I always like to see your updates!
keep up with awesome photos.


----------



## Kelley

It looks terrific! So nice and colorful!


----------



## SuRje1976

*David Hui* - Macro Dosing is the same. I'm dosing to maintain about 9.5ppm NO3, 1.5ppm PO4. K+ is high (prabably >30ppm) due to the Equilibrium (using RO/DI water). Micro dosing has increased. I'm using Flourish and Flourish Iron at 8mL EACH, daily. I'll try to get some new pics up. I've got a video of the water changer/autodoser doing its thing, but I can't figure out how to get it onto my computer from the camcorder. When I do, I'll get it up on YouTube and post a link here.

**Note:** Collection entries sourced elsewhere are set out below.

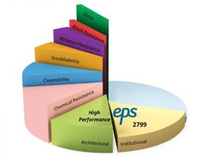 The use of low-VOC capable, all-acrylic binders in gloss consumer paints is common; however, they are less frequently used in high-traffic commercial and institutional coatings due to poor chemical and abrasion resistance. EPS® 2799 has been developed to match or surpass a single-component, pre-catalyzed water-borne epoxy for chemical and cleaner resistance in the institutional space. It also excels in abrasion resistance and other hardness properties in the architectural space. Not only does EPS® 2799 excel in hardness and resistance properties, it has versatility in ease of formulation in which simple drop-ins are typical over a wide-range of sheens. Delivering ultimate performance, EPS® 2799 offers versatility over a wide application space.
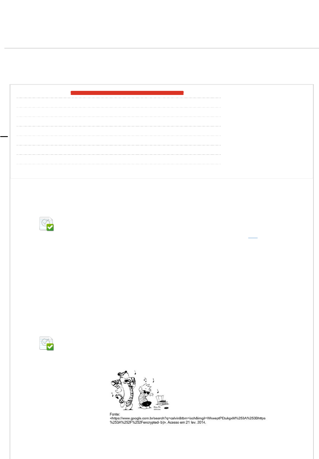 <p>30/09/2024 22:51 Revisar envio do teste: AVALIAÇÃO I – ESTUDOS ...</p><p>https://ava.ead.unip.br/webapps/assessment/review/review.jsp?attempt_id=_107892827_1&course_id=_369579_1&content_id=_4235252_1&return_content=… 1/5</p><p>Revisar envio do teste: AVALIAÇÃO I</p><p>ESTUDOS DISCIPLINARES III 8065-03_SEI_HS_0724_R_20242 CONTEÚDO</p><p>Usuário CASSIA ANDREA TEIXEIRA RODRIGUES VIEIRA</p><p>Curso ESTUDOS DISCIPLINARES III</p><p>Teste AVALIAÇÃO I</p><p>Iniciado 30/09/24 22:39</p><p>Enviado 30/09/24 22:51</p><p>Status Completada</p><p>Resultado da tentativa 9 em 10 pontos</p><p>Tempo decorrido 11 minutos</p><p>Resultados exibidos Respostas enviadas, Perguntas respondidas incorretamente</p><p>Pergunta 1</p><p>Resposta</p><p>Selecionada:</p><p>e.</p><p>O termo hipertexto designa um processo de escrita/leitura não linear e não hierarquizada que</p><p>permite o acesso ilimitado a outros textos de forma instantânea. A leitura hipertextual traz</p><p>novas concepções de texto e leitor. Com base nessa a�rmação, qual a�rmação não condiz</p><p>com essa nova realidade?</p><p>O leitor percorre vários links, em construção textual, de forma linear.</p><p>Pergunta 2</p><p>Resposta</p><p>Selecionada:</p><p>a.</p><p>A linguagem não verbal consiste em sistema único, sem relação com a língua nem com junção</p><p>de sistemas. Assim, qual texto a seguir é formado por sistema não verbal?</p><p>UNIP EAD BIBLIOTECAS MURAL DO ALUNO TUTORIAISCONTEÚDOS ACADÊMICOS</p><p>1 em 1 pontos</p><p>1 em 1 pontos</p><p>http://company.blackboard.com/</p><p>https://ava.ead.unip.br/webapps/blackboard/execute/courseMain?course_id=_369579_1</p><p>https://ava.ead.unip.br/webapps/blackboard/content/listContent.jsp?course_id=_369579_1&content_id=_4230906_1&mode=reset</p><p>https://ava.ead.unip.br/webapps/portal/execute/tabs/tabAction?tab_tab_group_id=_10_1</p><p>https://ava.ead.unip.br/webapps/portal/execute/tabs/tabAction?tab_tab_group_id=_27_1</p><p>https://ava.ead.unip.br/webapps/portal/execute/tabs/tabAction?tab_tab_group_id=_47_1</p><p>https://ava.ead.unip.br/webapps/portal/execute/tabs/tabAction?tab_tab_group_id=_29_1</p><p>https://ava.ead.unip.br/webapps/portal/execute/tabs/tabAction?tab_tab_group_id=_25_1</p><p>https://ava.ead.unip.br/webapps/login/?action=logout</p><p>30/09/2024 22:51 Revisar envio do teste: AVALIAÇÃO I – ESTUDOS ...</p><p>https://ava.ead.unip.br/webapps/assessment/review/review.jsp?attempt_id=_107892827_1&course_id=_369579_1&content_id=_4235252_1&return_content=… 2/5</p><p>Pergunta 3</p><p>Resposta Selecionada: c.</p><p>Leia a tirinha:</p><p>Sobre a tirinha, considere as a�rmações que seguem.</p><p>I- A palavra e a imagem se complementam.</p><p>II- O humor no último quadro é entendido pela interação entre o verbal e a imagem.</p><p>III-. A imagem supera em entendimento.</p><p>IV- A forma animal – coruja – não pode ser substituída por outro bicho para não corromper o</p><p>sentido do texto.</p><p>V- A tirinha é um texto sincrético.</p><p>Está correto o que se a�rma apenas em:</p><p>I, II, IV e V.</p><p>Pergunta 4</p><p>Resposta</p><p>Selecionada:</p><p>c.</p><p>Leia o texto:</p><p>Entre os elementos da linguagem, temos:</p><p>Linguagem não verbal que forma movimento, per�l de rosto com um</p><p>leve sorriso, �ores e folhas desabrochadas.</p><p>1 em 1 pontos</p><p>1 em 1 pontos</p><p>30/09/2024 22:51 Revisar envio do teste: AVALIAÇÃO I – ESTUDOS ...</p><p>https://ava.ead.unip.br/webapps/assessment/review/review.jsp?attempt_id=_107892827_1&course_id=_369579_1&content_id=_4235252_1&return_content=… 3/5</p><p>Pergunta 5</p><p>Resposta</p><p>Selecionada:</p><p>e.</p><p>A linguagem pode ser verbal ou não verbal. Quando não verbal, utiliza-se de linguagens</p><p>distintas da escrita e da fala. Qual alternativa é composta de linguagem sincrética – verbal e</p><p>não verbal?</p><p>Pergunta 6</p><p>Resposta</p><p>Selecionada:</p><p>c.</p><p>Sobre o texto de uma planta de prédio residencial, pode-se a�rmar:</p><p>A verticalidade, marcada pelos andares, constitui-se de espaço</p><p>privado.</p><p>Pergunta 7</p><p>Resposta Selecionada: a.</p><p>Tendo por base o texto não verbal:</p><p>I- Existe a relação entre conteúdo e expressão.</p><p>II- É mais relevante o entendimento do conteúdo.</p><p>III- É mais relevante o entendimento da expressão.</p><p>I está correta.</p><p>1 em 1 pontos</p><p>1 em 1 pontos</p><p>1 em 1 pontos</p><p>30/09/2024 22:51 Revisar envio do teste: AVALIAÇÃO I – ESTUDOS ...</p><p>https://ava.ead.unip.br/webapps/assessment/review/review.jsp?attempt_id=_107892827_1&course_id=_369579_1&content_id=_4235252_1&return_content=… 4/5</p><p>Pergunta 8</p><p>Resposta</p><p>Selecionada:</p><p>b.</p><p>Na análise dos dois textos, conclui-se que:</p><p>Houve mudanças no status da imagem, tornando-a complementar ao</p><p>verbal.</p><p>Pergunta 9</p><p>Considerando o texto, assinale a alternativa correta:</p><p>1 em 1 pontos</p><p>1 em 1 pontos</p><p>30/09/2024 22:51 Revisar envio do teste: AVALIAÇÃO I – ESTUDOS ...</p><p>https://ava.ead.unip.br/webapps/assessment/review/review.jsp?attempt_id=_107892827_1&course_id=_369579_1&content_id=_4235252_1&return_content=… 5/5</p><p>Segunda-feira, 30 de Setembro de 2024 22h51min20s GMT-03:00</p><p>Resposta</p><p>Selecionada:</p><p>b.</p><p>O conteúdo é a disposição clássica de jogadores de futebol para posar</p><p>para fotogra�a.</p><p>Pergunta 10</p><p>Resposta</p><p>Selecionada:</p><p>b.</p><p>Observe as tirinhas e indique a alternativa falsa.</p><p>Os elementos plásticos constituem-se da relação linear x relação planar,</p><p>sendo, nos casos anteriores, de relação linear, com a colocação dos</p><p>elementos lado a lado no espaço.</p><p>← OK</p><p>0 em 1 pontos</p>
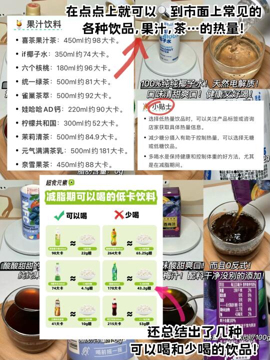 把市面常见的饮料热量都做了一个总结,还贴心的告知我们该如何去选择饮品!
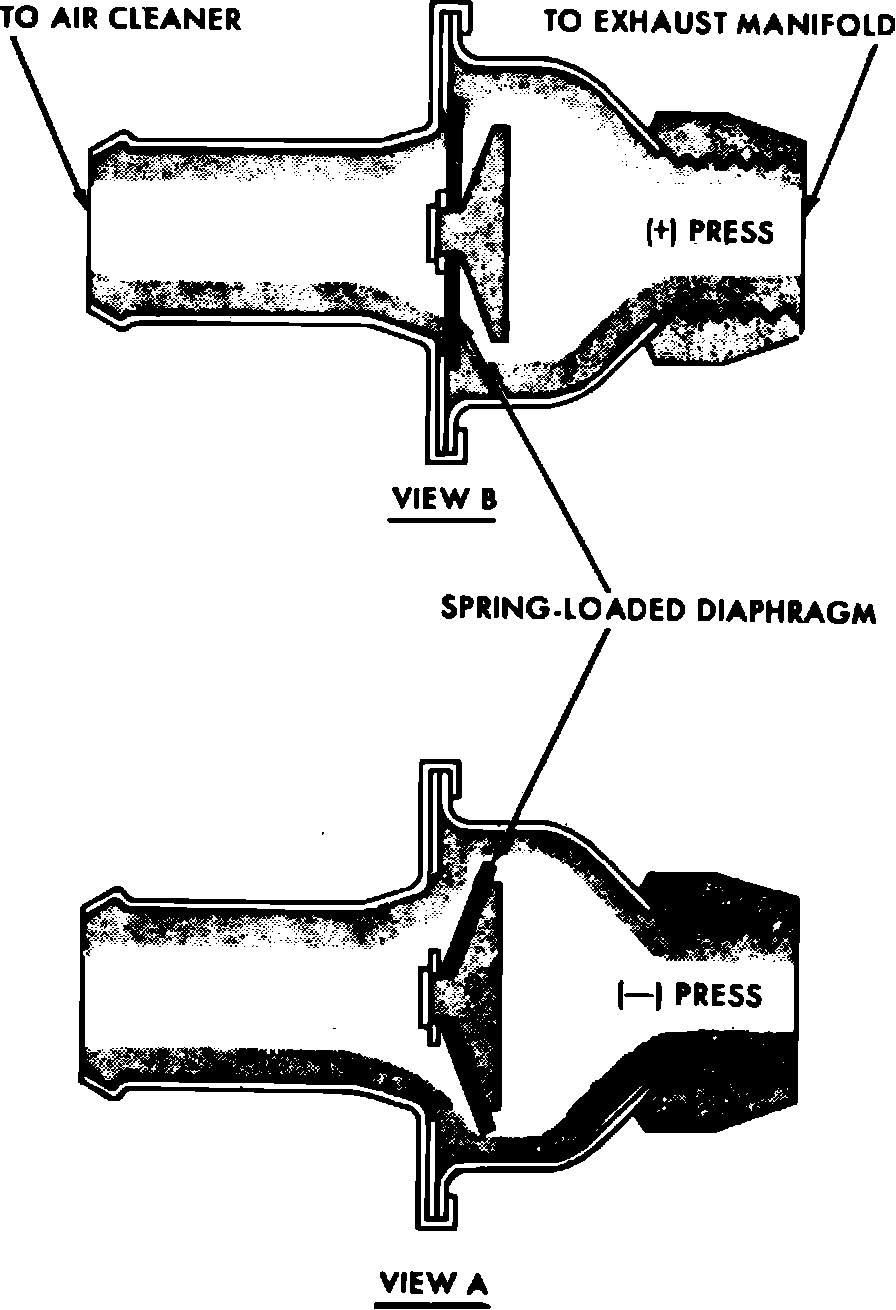 The valve, Fig. 6, in this system uses exhaust pressure pulsations to draw air into the exhaust system to reduce CO and HC emissions. It draws fresh air from the ``clean'' side of the air cleaner and past a one-way spring loaded diaphragm. The diaphragm opens to permit fresh air to mix with the exhaust gases during negative pressure (vacuum) pulses. When the pressure is positive, the diaphragm closes and no exhaust gases are allowed to flow past the valve. The aspirator valve works most efficiently at idle and slightly above idle when the negative pulses are maximum. At higher engine speeds, the aspirator valve remains closed.

*puchisapo* - I'm not sure that it is Polygonum in that case! :icon_redf 


*slickwillislim* - The fish are in there, believe it or not! At least 30 cardinals. I think they hide because my 2 year old daughter stampedes all around the tank. :icon_eek: 

*-Z-* - Thanks! I think part of the reason the rotundifolia looks pale is the white balance setting on the camera. I can never get it just right. The tank gets almost 60mL of Flourish AND 60mL of Flourish Iron weekly, so I don't think its an iron issue. Could be the green-ness of the Java Fern and Anubias adjacent that makes it look pale too!  


Thanks again everyone!


----------



## styxx

This tank is truly award winning in my opinion, almost on par with Amano. This is a serious accomplishment and I'm proud to see your membership on TPT represented in such a skillful way. Excellent job. I have one request: can you take some macro shots of various points in your tank? I'd love some close ups!


----------



## ikuzo

anubias nana petite shots please


----------



## styxx

Still with us?


----------



## SuRje1976

styxx said:


> Still with us?


Lol - I'm still here. :hihi: Not longer after the previous pics were posted, I started a large trim and some minor changes. I'll get you some closeups (though I'm not great with the camera on closeups  ) as soon as I get everything back in balance. I'm removing the crypts slowly - they're on the left and right side of the tank behind the nana petite and mixed in with the jave fern a bit, and I'm going to replace them with more coffeefolia and more nana petite. I may remove a bit of the right-most Cyperus and increase the size of the macrandra stand into that area.

Any thoughts?


----------



## SuRje1976

My goodness styxx - thank you for the VERY nice words above! It really does mean a lot to me. As far as TPT membership goes, I learned probably the majority of everything I know from others here. It seems only right for me to keep this thread updated!


----------



## mistergreen

no fish?

and what are the small plants under the anubias?
anubias petite?

cool tank btw.


----------



## styxx

You're welcome! I thin removing the crypts and replacing with Coffefolia is a great idea. I like what you have now but under the Java Fern, Coffefolia serves as a great intermediate transition between the two and certainly can benefit from the reduced light. But of course I'm jealous and I'm an Anubias fan of all varieties! lol...keep up the good work, I'm looking forward to your next post with close ups!


----------



## CmLaracy

Looks amazing like always, great work!


----------



## CmLaracy

I think I need an update, lawl


----------



## SuRje1976

*Changing gears a bit...*

*CmLaracy* - thanks!

I know I'm going to take some heat from the photographers here for not turning off the CO2 before taking these, and I definitely deserve it. I was able to use my brothers Canon Digital Rebel XT today (at my daughter's birthday party) and I was pretty impressed with the pictures that were coming out of it. Coincidently, MY WIFE dropped a huge, heavy glass jar on our little 5MP, so a camera purchase will likely be in order soon!  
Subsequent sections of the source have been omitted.